The reforms initiated by Josiah’s command were directed towards the entire people of Judah. As the verse reads “All the inhabitants of Jerusalem, the priests, the prophets, and all the people, both small and great; he read in their hearing all the words of the book of the covenant that had been found in the house of the Lord,” (23:2). The religious reforms included making a covenant before God, vowing to keep His commandments, decrees, statutes, and performing all commands within the book of the law. Additionally, “all the people joined in the covenant.”
Evidentially, the people strayed away drastically from the laws and statutes implemented across Israel, seen in the king ordering all of the vessels made for Baal, Asherah, and various gods which existed in the Temple brought out and burned, with their ashes to be carried to Bethel (v.4).
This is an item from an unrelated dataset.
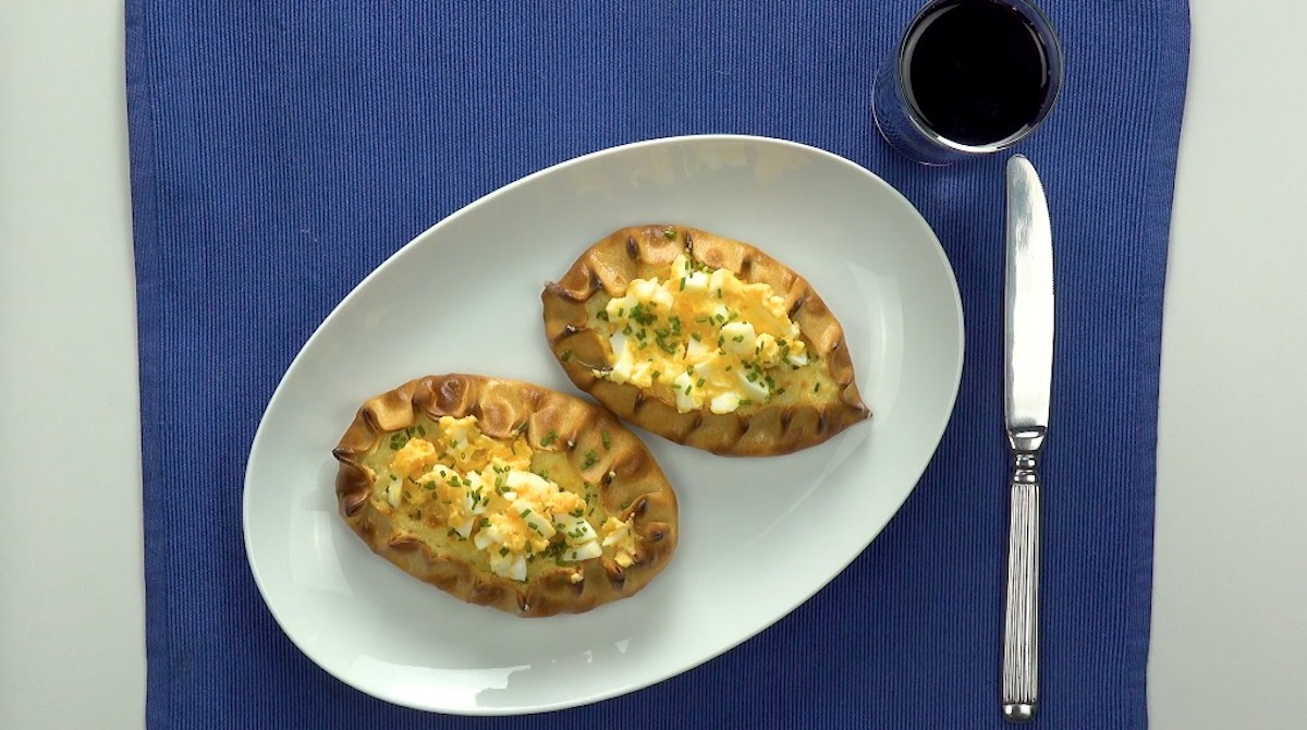 4.2) Pour la pâte, mélangez le sel et la farine avec l’eau et l’huile. Pétrissez la pâte avec vos mains. Ensuite, coupez la pâte en morceaux et étalez-les en petits cercles avec un rouleau à pâtisserie. Déposez une partie de la bouillie de riz sur la pâte et repliez-la. Enfournez les pirogues à 250 °C pendant 12 à 15 minutes. Quand ils sont cuits, badigeonnez-les de beurre liquide. Enfin, ajoutez un mélange d’œufs durs grossièrement hachés, de beurre mou, de sel et de ciboulette sur les tartes caréliennes.

The idolatrous priests who refused to abide by the religious reforms were deposed; in fact, there was even a social aspect of these decrees. The houses of prostitutes within the Temple were broken down, and all of the lands influenced by Israel’s paganist-polytheistic neighbors were desecrated and broken down. “He broke the pillars in pieces, cut down the sacred poles, and covered the sites with human bones,” (v.14).
In the long run, countless innovations on the Hebrew faith became evident as Josiah’s issued religious reformation, from the destruction of pagan altars within Judah’s borders to the burning of bones which inhabited the tombs of supposedly “sacred” mounts. Furthermore, “he slaughtered on the altars all the priests of the high places who were there, and burned human bones on them. Then he returned to Jerusalem” (v.20).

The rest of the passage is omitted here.